In the previous section, we discussed gradient descent, a first-order optimization algorithm that can be used to learn a set of classifier weights for parameterized learning. However, this “vanilla” implementation of gradient descent can be prohibitively slow to run on large datasets — in fact, it can even be considered computationally wasteful.

Instead, we should apply Stochastic Gradient Descent (SGD), a simple modification to the standard gradient descent algorithm that computes the gradient and updates the weight matrix W on small batches of training data, rather than the entire training set. While this modification leads to “more noisy” updates, it also allows us to take more steps along the gradient (one step per each batch versus one step per epoch), ultimately leading to faster convergence and no negative effects to loss and classification accuracy.

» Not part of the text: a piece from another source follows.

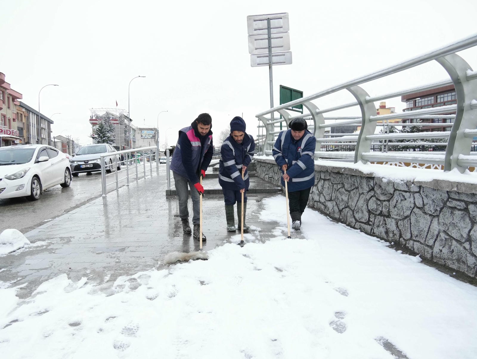Ekipler, olumsuz hava koşullarından dolayı yollarda buzlanma ve donma gibi durumların önüne geçmek için tuzlama ve küreme işlemlerini geceden sabaha sürdürdü.

SGD is arguably the most important algorithm when it comes to training deep neural networks. Even though the original incarnation of SGD was introduced over 57 years ago (Stanford Electronics Laboratories et al., 1960), it is still the engine that enables us to train large networks to learn patterns from data points. Above all other algorithms covered in this book, take the time to understand SGD.

Looking for the source code to this post?

Mini-batch SGD

Reviewing the vanilla gradient descent algorithm, it should be (somewhat) obvious that the method will run very slowly on large datasets. The reason for this slowness is because each iteration of gradient descent requires us to compute a prediction for each training point in our training data before we are allowed to update our weight matrix. For image datasets such as ImageNet where we have over 1.2 million training images, this computation can take a long time.

It also turns out that computing predictions for every training point before taking a step along our weight matrix is computationally wasteful and does little to help our model coverage.

Instead, what we should do is batch our updates. We can update the pseudocode to transform vanilla gradient descent to become SGD by adding an extra function call:

while True:
	batch = next_training_batch(data, 256)
	Wgradient = evaluate_gradient(loss, batch, W)
	W += -alpha * Wgradient

The only difference between vanilla gradient descent and SGD is the addition of the next_training_batch function. Instead of computing our gradient over the entire data set, we instead sample our data, yielding a batch. We evaluate the gradient on the batch, and update our weight matrix W. From an implementation perspective, we also try to randomize our training samples before applying SGD since the algorithm is sensitive to batches.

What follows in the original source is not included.